Submitted to: Journal of the American Society for Horticultural Science
Publication Type: Peer Reviewed Journal
Publication Acceptance Date: 2/25/2006
Publication Date: 5/1/2006
Citation: Hale, A.L., Farnham, M.W., Menz, M.A. 2006. Use of PCR-based markers for differentiating elite broccoli inbreds. Journal of the American Society for Horticultural Science. 131:418-423. Interpretive Summary: Many genetic markers derived from DNA fingerprints have been utilized by public and private plant breeders to increase the efficiency of selecting for desirable traits. In some crops, such as broccoli, recently developed marker systems have not been extensively tested and compared to older and more established methods to determine relative efficiency and cost-effectiveness. Previous studies tend to utilize a single type of marker to assist in selection. The aim of this study was to compare three different types of genetic markers to determine which marker or combination of marker types was the most effective in differentiating 24 elite broccoli varieties. The names of the three marker types compared are sequence related amplified polymorphisms, amplified fragment length polymorphisms, and simple sequence repeats. The first two marker types generated more markers than the third, thus they were the efficient types for differentiating varieties. However, it was determined that using a combination of all 3 marker types in combination provided the greatest power to differentiate among the varieties . While the results of this study with broccoli, show sequence related amplified polymorphisms are an equally effective marker system as the more widely accepted amplified fragment length polymorphism system, our results indicate a combination of systems is more effective, probably because the weakness of one system is complemented by the strengths of the other. In future studies, to obtain more accurate results, we would advise breeders to use more than one marker system.

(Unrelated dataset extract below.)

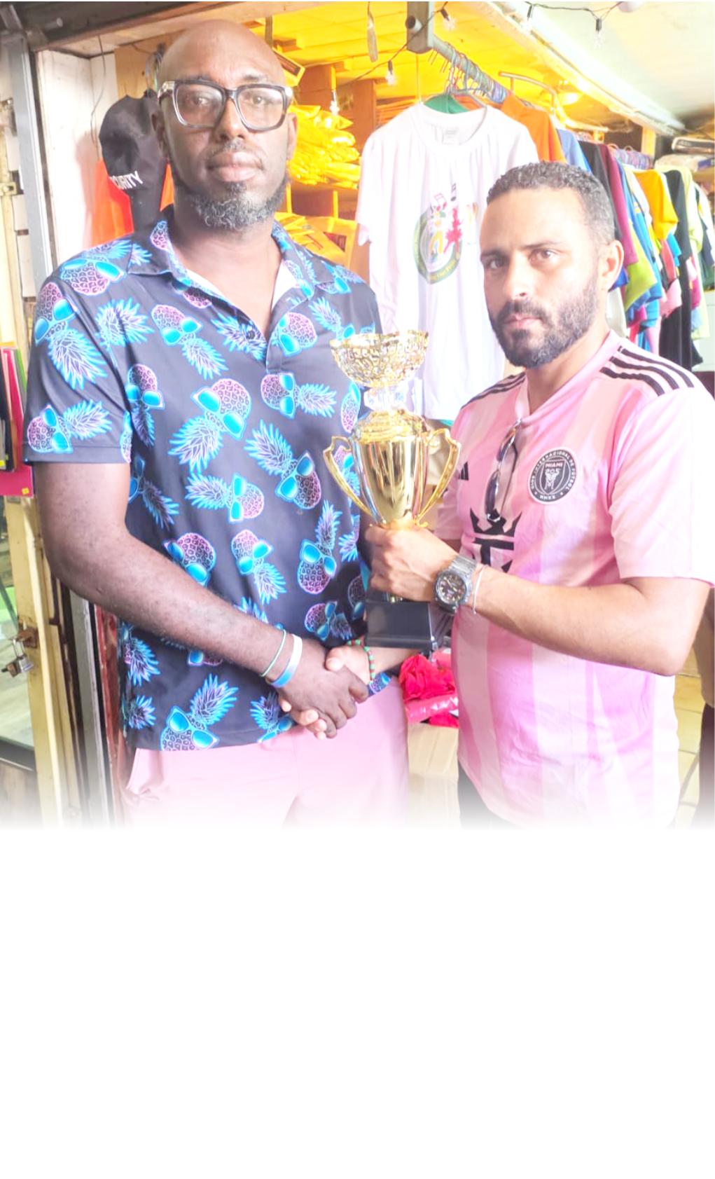 The Club, which is located in the compound of GBTI on Diamond Public Road, is being partially funded by Trophy Stall for the second consecutive year at this event. Trophy Stall's Ernesto Amet Mesa Vilorio made a presentation of trophies on behalf of Proprietor Ramesh Sunich to AndreErskineoftheClubfor theongoingevent.

Technical Abstract: Private and public vegetable breeders are interested in using current and emerging PCR-based marker systems in their respective improvement programs. However, before new systems are employed to replace existing ones, the new systems must prove to be efficient and cost-effective alternatives. Sequence related amplified polymorphisms (SRAPs), amplified fragment length polymorphisms (AFLPs), and simple sequence repeats (SSRs) were compared for their ability to differentiate individuals of a diverse group of 24 elite broccoli inbreds. Genomic DNA was assayed using 24 AFLP, 24 SRAP, and 44 SSR primer pairs. In this assessment, SSRs produced an average of only 2 bands per primer, with 25% of these bands being monomorphic, and the remaining bands detecting very few differences among the inbreds. Although the AFLP method resulted in a lower rate (63%) of polymorphism than the SSRs, it produced about 20 bands per primer. SRAPs produced an average of 14 bands per primer with 82% of these bands being polymorphic. Since AFLP and SRAP markers had a higher multiplex ratio and SSRs were frequently monomorphic, AFLP and SRAPs were more effective in differentiating the elite broccoli inbreds examined in this study. Similarity matrices were generated from the AFLP and SRAP data, and resulting dendographs were compared.